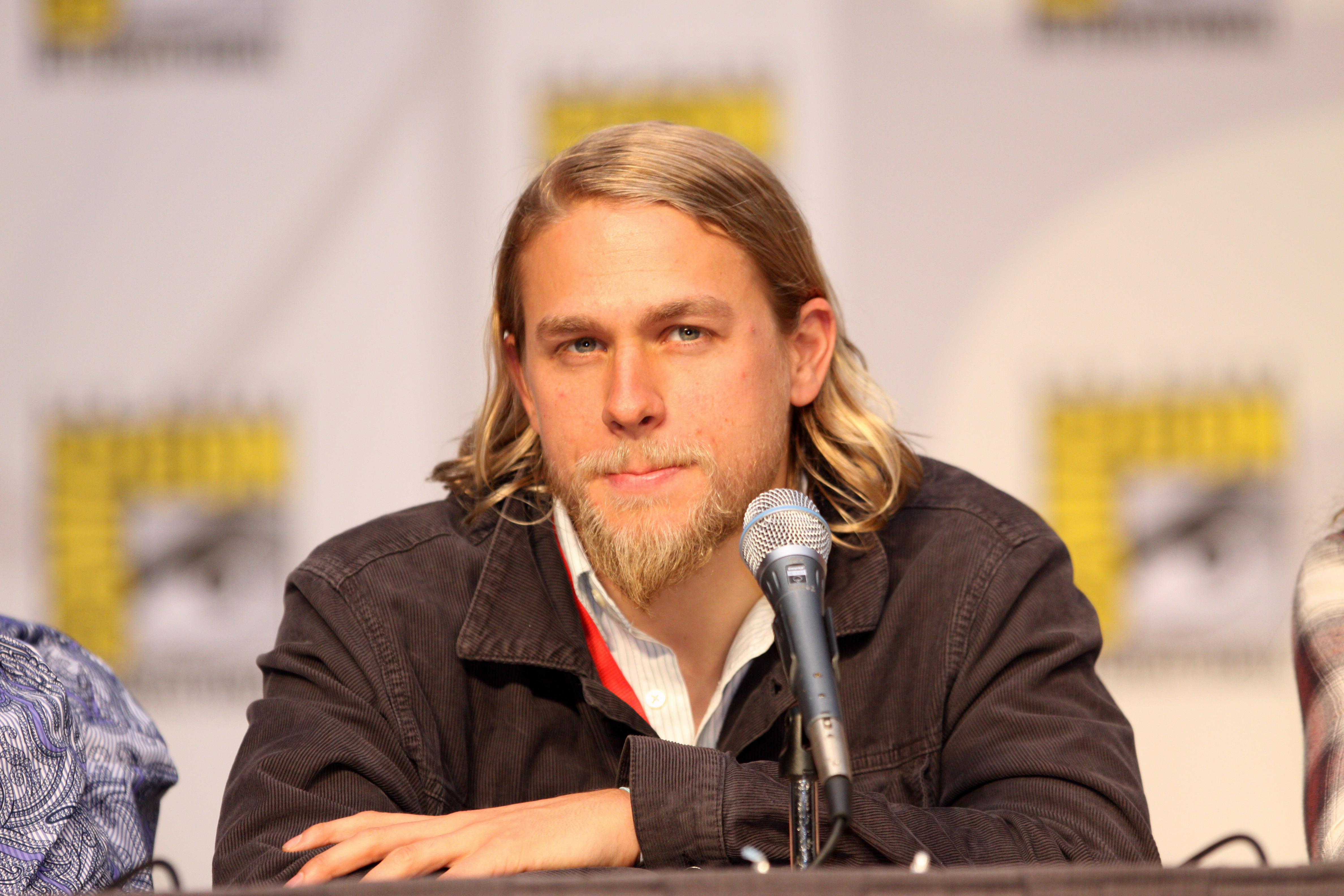 Actor Charlie Hunnam on the Sons of Anarchy panel at the 2010 San Diego Comic Con in San Diego, California.
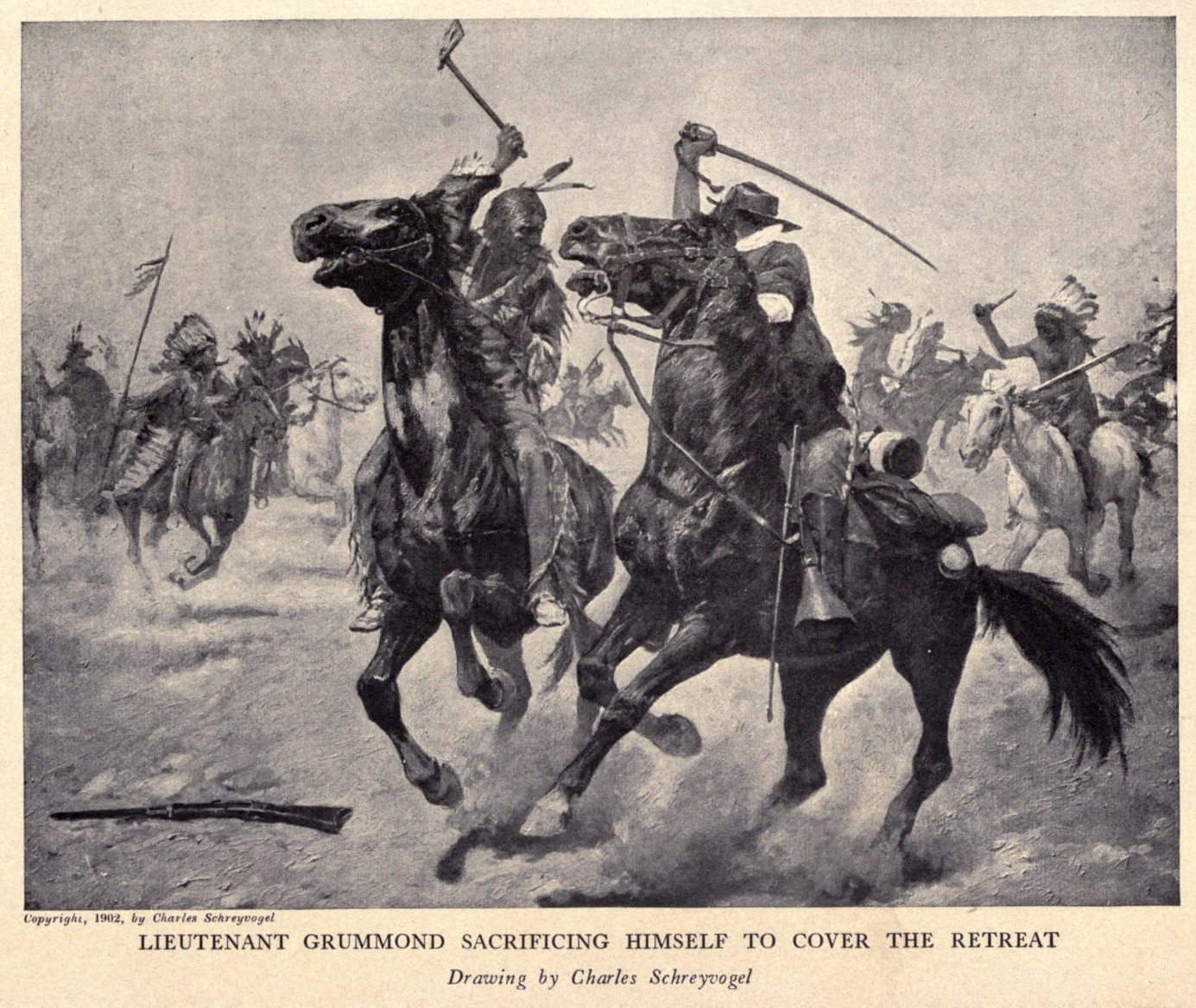 Even Chance[1] A Native American (Plains) man, who holds a tomahawk, and a white cavalry man, who holds a sword, fight. Other combatants are nearby. Circa 1875, published in Brady, Cyrus Townsend, 1861-1920. Indian Fights And Fighters: the Soldier And the Sioux. New York: McClure, Phillips & Co., 1904.
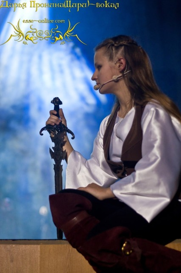 Daria Pronina. Cirilla Fiona Elen Riannon (Ciri, Zireael, Swallow). Rock-opera "Road without return" of group "ESSE", based on the saga of A. Sapkowski "The Witcher". Scene 13. "Lady of the lake". Photo from an "ESSE" - group concert in Rostov-on-Don 10.04.2010.
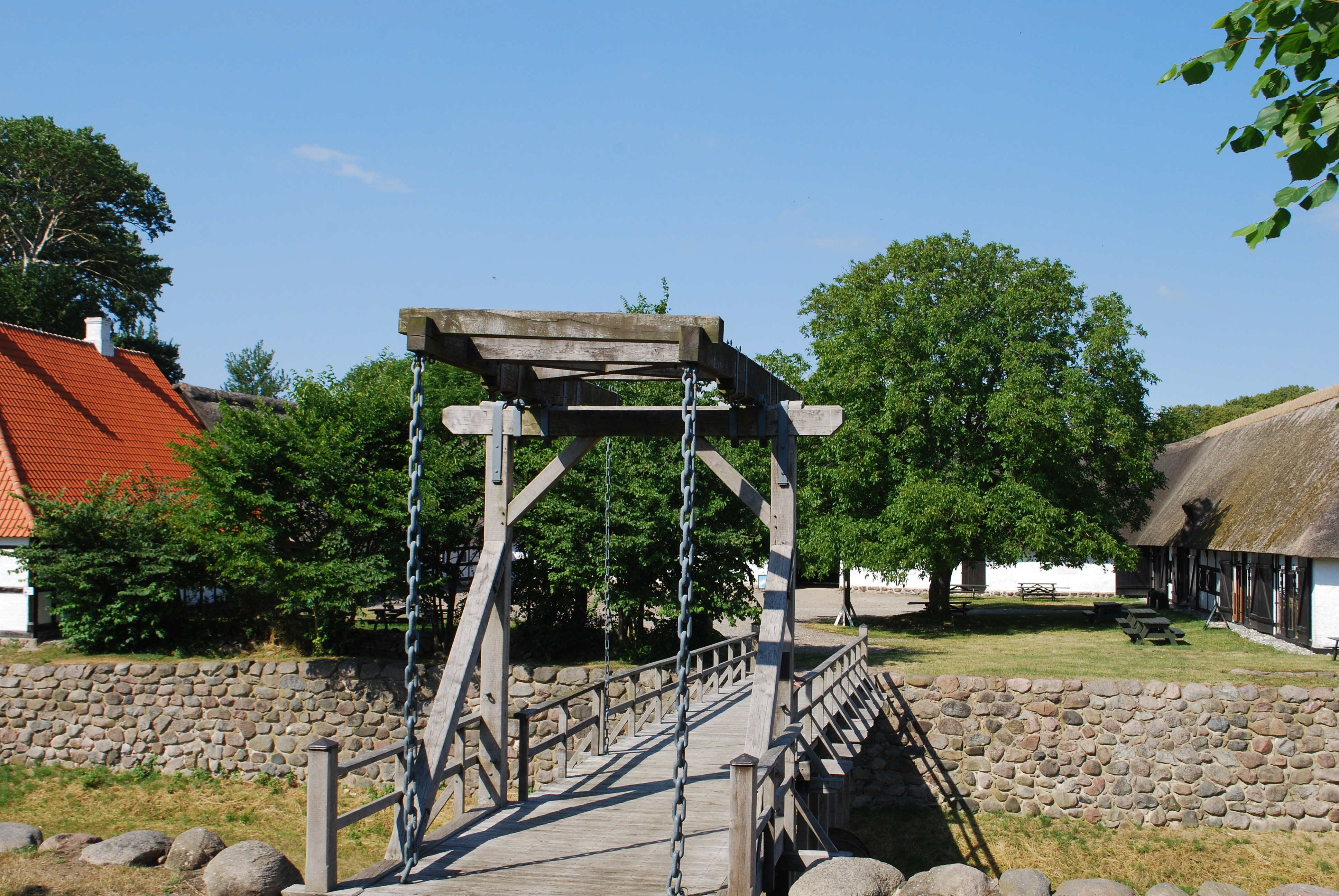 Søbygaard, Ærø, Denmark
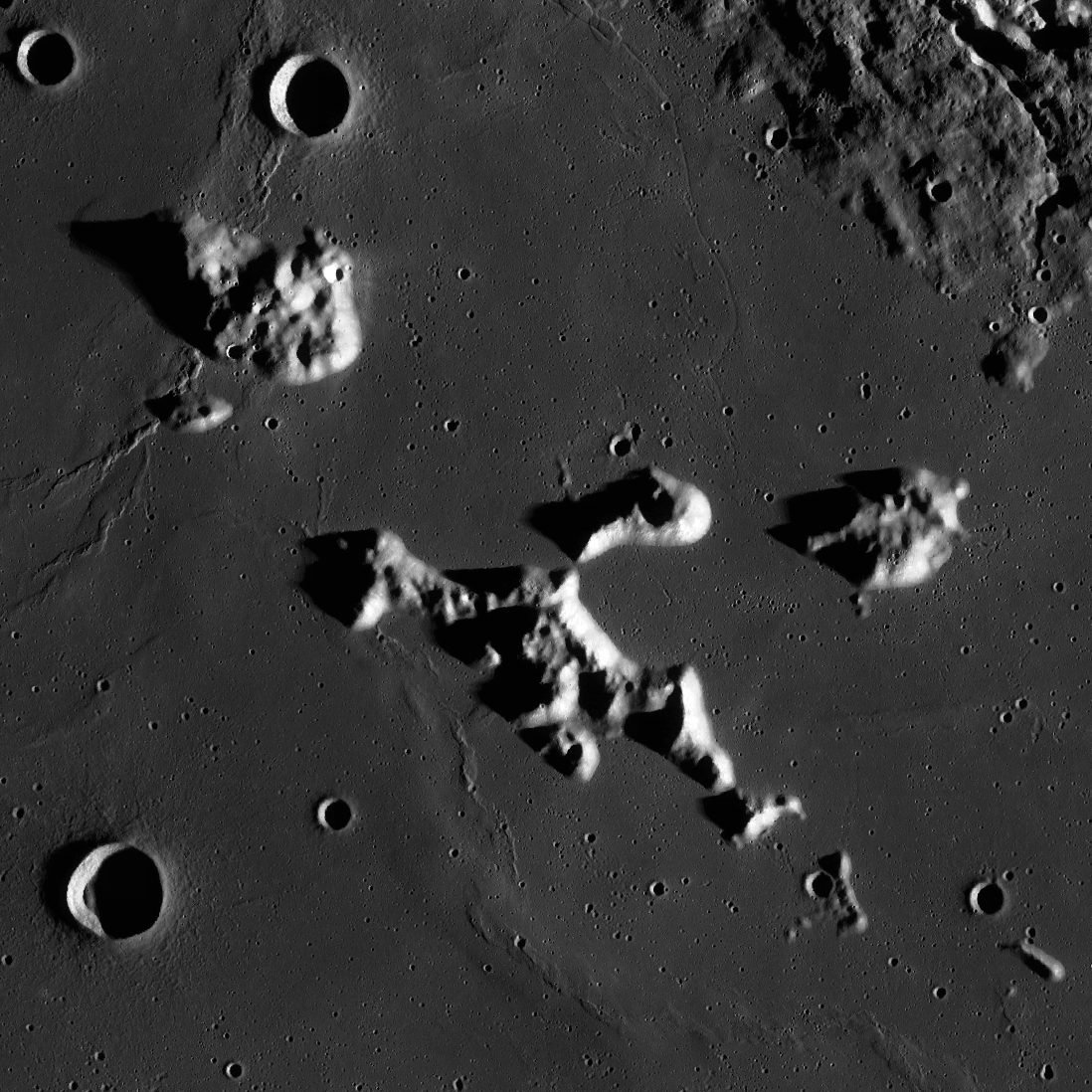 Montes Teneriffe on the Moon, in northeastern Mare Imbrium. Part of the rim of crater Plato is seen in upper right. Mosaic of photos by Lunar Reconnaissance Orbiter, made with Wide Angle Camera. Width of the image is 130 km, north is up.

### WHAT YOU SHOULD DO
Begin with the line that contains "Søbygaard, Ærø, Denmark" and repeat every line through the end of the data, exactly and only those lines, leaving out the pictures.

### EXERCISE ANSWER
 Søbygaard, Ærø, Denmark
 Montes Teneriffe on the Moon, in northeastern Mare Imbrium. Part of the rim of crater Plato is seen in upper right. Mosaic of photos by Lunar Reconnaissance Orbiter, made with Wide Angle Camera. Width of the image is 130 km, north is up.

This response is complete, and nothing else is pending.